Question

Let \(X\) and \(Y\) be independent exponential random variables with respective rates \(\lambda\) and \(\mu\). (a) Argue that, conditional on \(X>Y\), the random variables \(\min (X, Y)\) and \(X-Y\) are independent. (b) Use part (a) to conclude that for any positive constant \(c\) $$ \begin{aligned} E[\min (X, Y) \mid X>Y+c] &=E[\min (X, Y) \mid X>Y] \\ &=E[\min (X, Y)]=\frac{1}{\lambda+\mu} \end{aligned} $$ (c) Give a verbal explanation of why \(\min (X, Y)\) and \(X-Y\) are (unconditionally) independent.

Short answer

In this exercise, we have shown that given X>Y, the random variables min(X,Y) and X-Y are conditionally independent. We found the joint probability distribution of min(X,Y) and X-Y given X>Y, and showed that it is equal to the product of their marginal probability distributions. Using this conditional independence, we concluded that for any positive constant c, the conditional expectation E[min(X,Y) | X>Y+c] equals E[min(X,Y)] = 1/(λ+μ). Finally, we explained that the unconditional independence of min(X,Y) and X-Y is due to the fact that knowing the time until one event occurs in independent exponential random variables provides no information about the other, making their minimum and difference independent.

Step-by-step solution

Understand conditional independence

First, we need to understand what it means for two random variables to be conditionally independent. Given two random variables X and Y, they are conditionally independent given a third random variable Z if and only if the conditional probability distribution of X given Y and Z is independent of Y. In other words, P(X|Y,Z) = P(X|Z). Now, let's apply this concept to the given exercise.

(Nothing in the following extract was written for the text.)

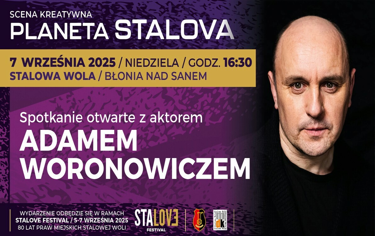 Już w najbliższą niedzielę 7 września, na Scenie Kreatywnej Stalove Festival pojawi się wyjątkowy gość – Adam Woronowicz. Aktor teatralny i filmowy, którego widzowie znają z wielu wybitnych ról. Tym razem spotkacie go w Stalowej Woli podczas Stalove Festival!  To niepowtarzalna okazja, by zobaczyć i posłuchać artysty, który od lat inspiruje swoją twórczością i osobowością.

Show conditional independence

Given that X>Y, we need to show that min(X,Y) and X-Y are independent random variables. To do this, we need to find the joint probability distribution of min(X,Y) and X-Y given X>Y, and show that it is equal to the product of their marginal probability distributions. Since X and Y are independent, their joint probability distribution is given by the product of their marginal probability distributions: \(f_{X,Y}(x,y) = f_X(x)f_Y(y) = \lambda e^{-\lambda x} \cdot \mu e^{-\mu y}\) for x>0 and y>0. Now, we need to find the joint probability distribution of min(X,Y) = Z and X-Y = W, given the condition X>Y. We can use the transformation technique for this: \(f_{Z,W|X>Y}(z,w) = \frac{f_{X,Y}(x,y)}{P(X>Y)}\Bigg \lvert \frac{\partial(x,y)}{\partial(z,w)} \Bigg \rvert \) where x(z,w) = z + w and y(z,w) = z. The Jacobian is given by: \(\Bigg \lvert \frac{\partial(x,y)}{\partial(z,w)} \Bigg \rvert = \lvert \det \begin{bmatrix} 1 & 1 \\ 0 & 1 \end{bmatrix} \rvert = 1\) As X and Y are independent, we know the joint distribution of X,Y: \(f_{X,Y}(x,y) = \lambda e^{-\lambda x} \mu e^{-\mu y}\) Therefore, \(f_{Z,W|X>Y}(z,w) = \frac{\lambda e^{-\lambda(z+w)} \mu e^{-\mu z}}{P(X>Y)}\)

Check for independence

Now, we need to check if the joint probability distribution is equal to the product of their marginal probability distributions. \(f_{Z|X>Y}(z) = \int_{w=0}^{\infty} f_{Z,W|X>Y}(z, w) dw = (\lambda+\mu)e^{-(\lambda+\mu)z}\) \(f_{W|X>Y}(w) = \int_{z=0}^{\infty} f_{Z,W|X>Y}(z, w) dz = \lambda e^{-\lambda w}\) \(f_{Z|X>Y}(z)f_{W|X>Y}(w) = (\lambda+\mu)e^{-(\lambda+\mu)z} \cdot \lambda e^{-\lambda w} = f_{Z,W|X>Y}(z, w)\) Since the joint probability distribution is equal to the product of their marginal probability distributions, min(X,Y) and X-Y are conditionally independent given X>Y.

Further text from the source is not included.